→ Provided records:
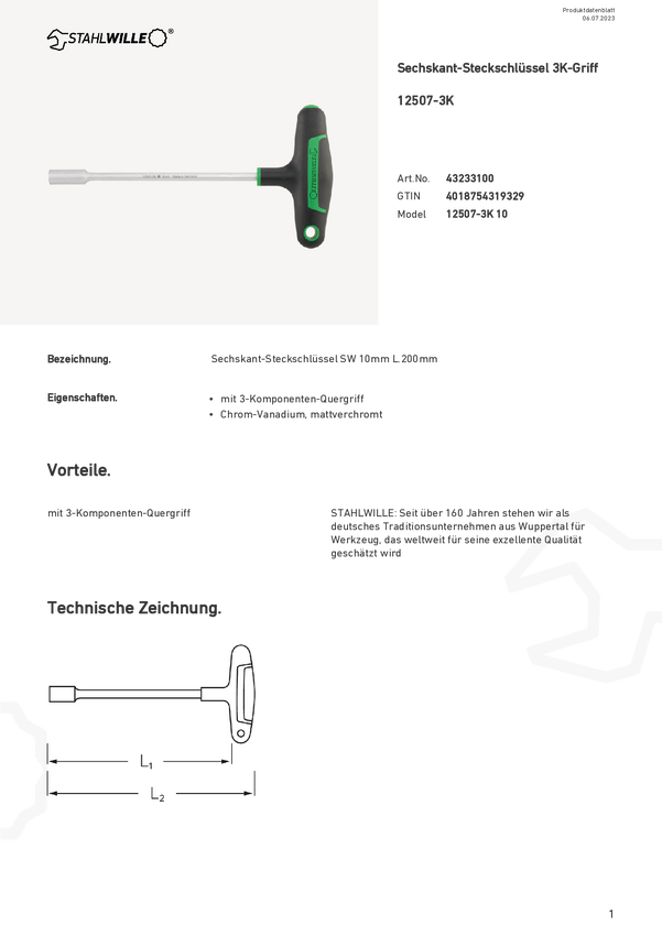Klucz sześciokątny Stahlwille 12507-3K 10 43233100 10 mm
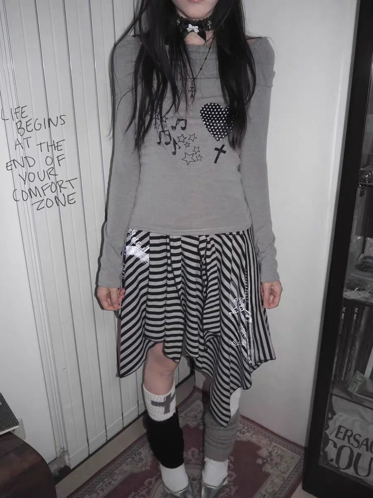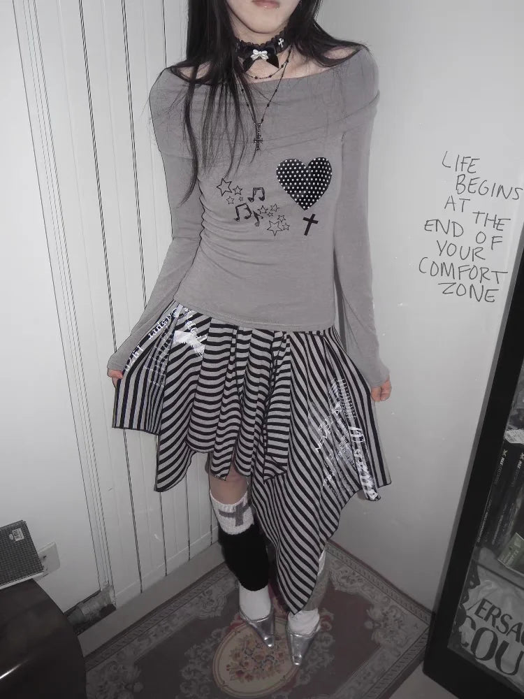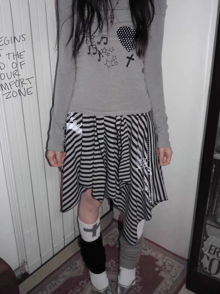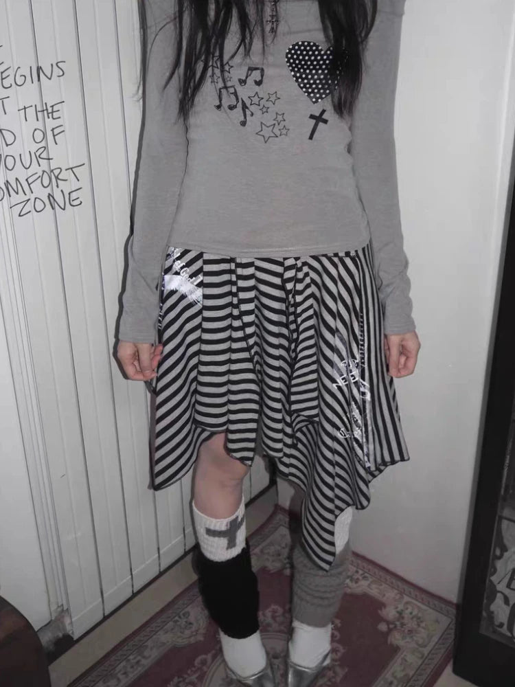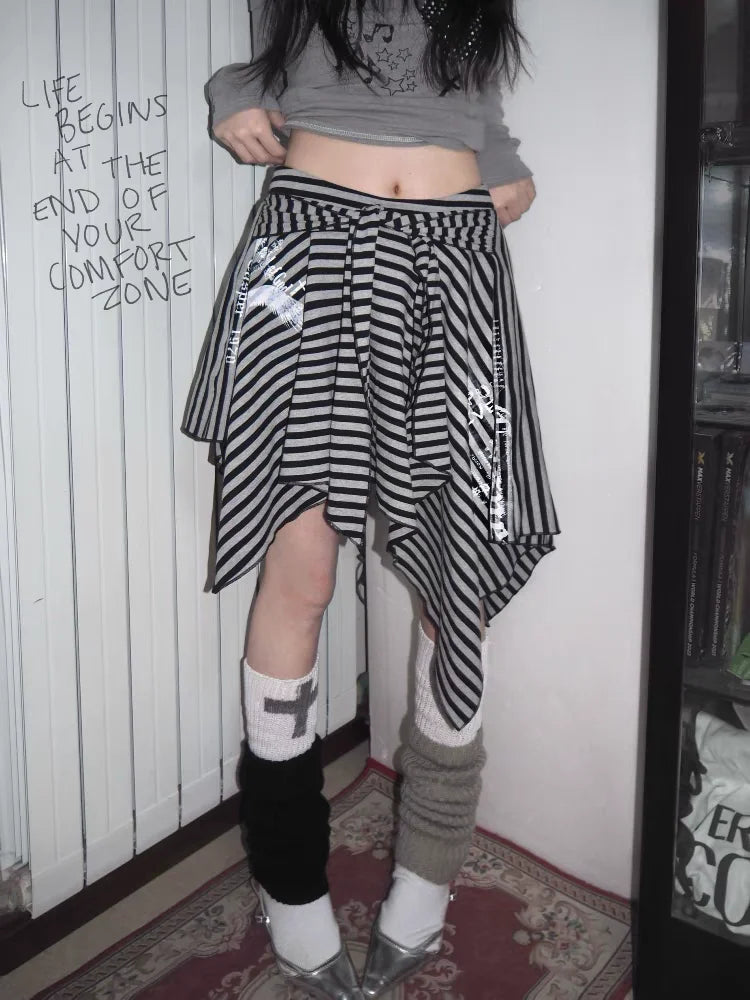 Japanese Style Harajuku Striped Skirt Women Vintage Gothic Y2k Grunge Mini Skirt Punk Irregular Streetwear Short Skirts
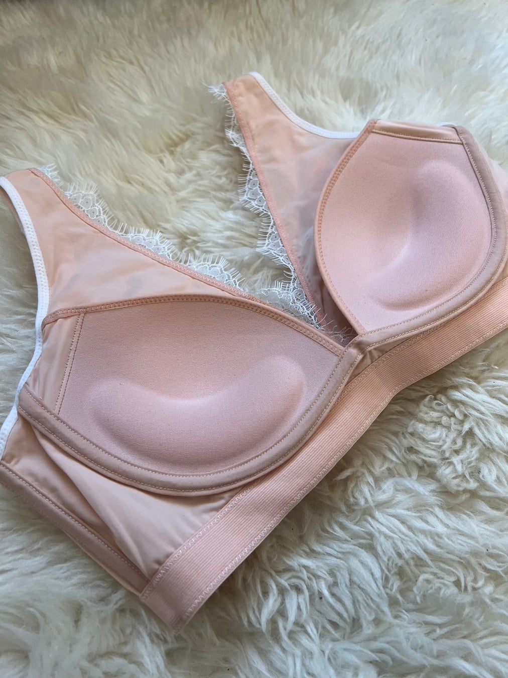 ノンワイヤー&ノンホック。24時間つけていられる着心地を追求。セクシーなリバーレースに伸縮性の高いストレッチ素材をミック スし寝返りも快適に。バックスタイルにもこだわり大胆に背中を深くカット。服装を選ばない美背中設計に仕上げこれまでのナイトブラにはないようなオシャレなデザインに。
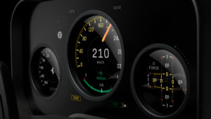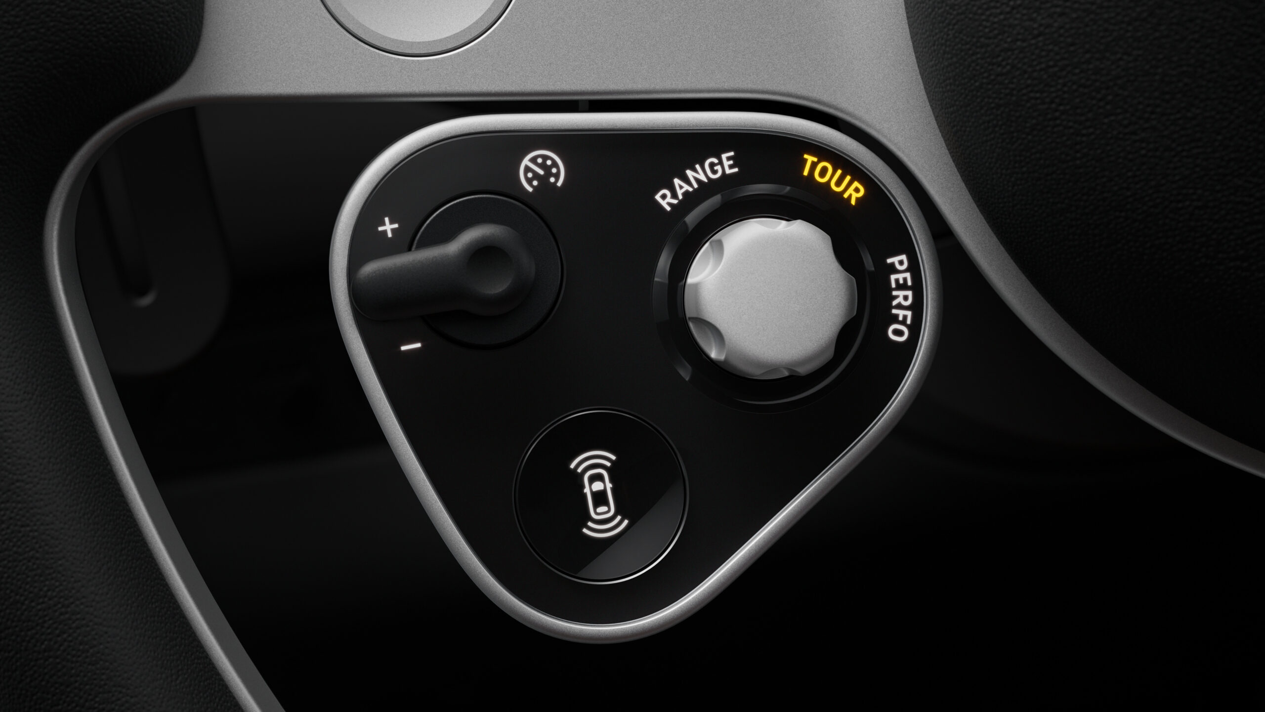 Hinter dem Dreispeichen-Lenkrad in Aluminiumstruktur befinden sich Rundinstrumente im klassischen Stil, wobei zwei Bildschirme übereinander liegen, um einen Eindruck einer Vertiefung im Kombiinstrument zu schaffen. Ein Highlight ist, dass sich das Kombiinstrument bewegt beim Lenken. Das Lenkrad hat rechts und links jeweils ein Bedienfeld mit physischen Tasten für die Einstellungen wie Fahrmodus, Scheibenwischer oder Anpassung an den Fahrbahnuntergrund:
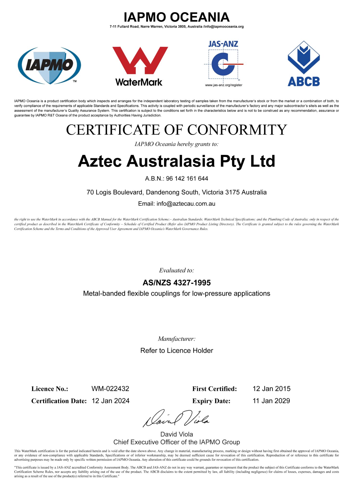 Australian standard certifications are a very high priority at Aztec Australasia, we continuously monitor the Australian standards to ensure we have you covered with quality products for all your installs.
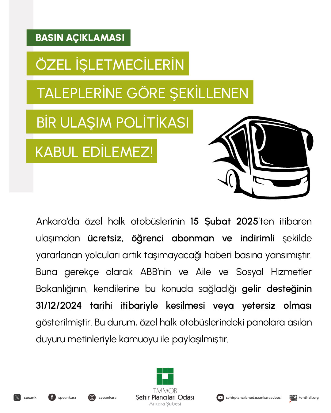 Ankara`da özel halk otobüslerinin 1 Şubat 2025`ten itibaren ulaşımdan ücretsiz, öğrenci abonman ve indirimli şekilde yararlanan yolcuları artık taşımayacağı haberi basına yansımıştır. Buna gerekçe olarak ABB`nin ve Aile ve Sosyal Hizmetler Bakanlığının, kendilerine bu konuda sağladığı gelir desteğinin 31/12/2024 tarihi itibariyle kesilmesi veya yetersiz olması gösterilmiştir. Bu durum, özel halk otobüslerindeki panolara asılan duyuru metinleriyle kamuoyu ile paylaşılmıştır.

→ Exercise details: The data is to be printed again exactly, but without its pictures.

→ Solution:
Klucz sześciokątny Stahlwille 12507-3K 10 43233100 10 mm
 Japanese Style Harajuku Striped Skirt Women Vintage Gothic Y2k Grunge Mini Skirt Punk Irregular Streetwear Short Skirts
 ノンワイヤー&ノンホック。24時間つけていられる着心地を追求。セクシーなリバーレースに伸縮性の高いストレッチ素材をミック スし寝返りも快適に。バックスタイルにもこだわり大胆に背中を深くカット。服装を選ばない美背中設計に仕上げこれまでのナイトブラにはないようなオシャレなデザインに。
 Hinter dem Dreispeichen-Lenkrad in Aluminiumstruktur befinden sich Rundinstrumente im klassischen Stil, wobei zwei Bildschirme übereinander liegen, um einen Eindruck einer Vertiefung im Kombiinstrument zu schaffen. Ein Highlight ist, dass sich das Kombiinstrument bewegt beim Lenken. Das Lenkrad hat rechts und links jeweils ein Bedienfeld mit physischen Tasten für die Einstellungen wie Fahrmodus, Scheibenwischer oder Anpassung an den Fahrbahnuntergrund:
 Australian standard certifications are a very high priority at Aztec Australasia, we continuously monitor the Australian standards to ensure we have you covered with quality products for all your installs.
 Ankara`da özel halk otobüslerinin 1 Şubat 2025`ten itibaren ulaşımdan ücretsiz, öğrenci abonman ve indirimli şekilde yararlanan yolcuları artık taşımayacağı haberi basına yansımıştır. Buna gerekçe olarak ABB`nin ve Aile ve Sosyal Hizmetler Bakanlığının, kendilerine bu konuda sağladığı gelir desteğinin 31/12/2024 tarihi itibariyle kesilmesi veya yetersiz olması gösterilmiştir. Bu durum, özel halk otobüslerindeki panolara asılan duyuru metinleriyle kamuoyu ile paylaşılmıştır.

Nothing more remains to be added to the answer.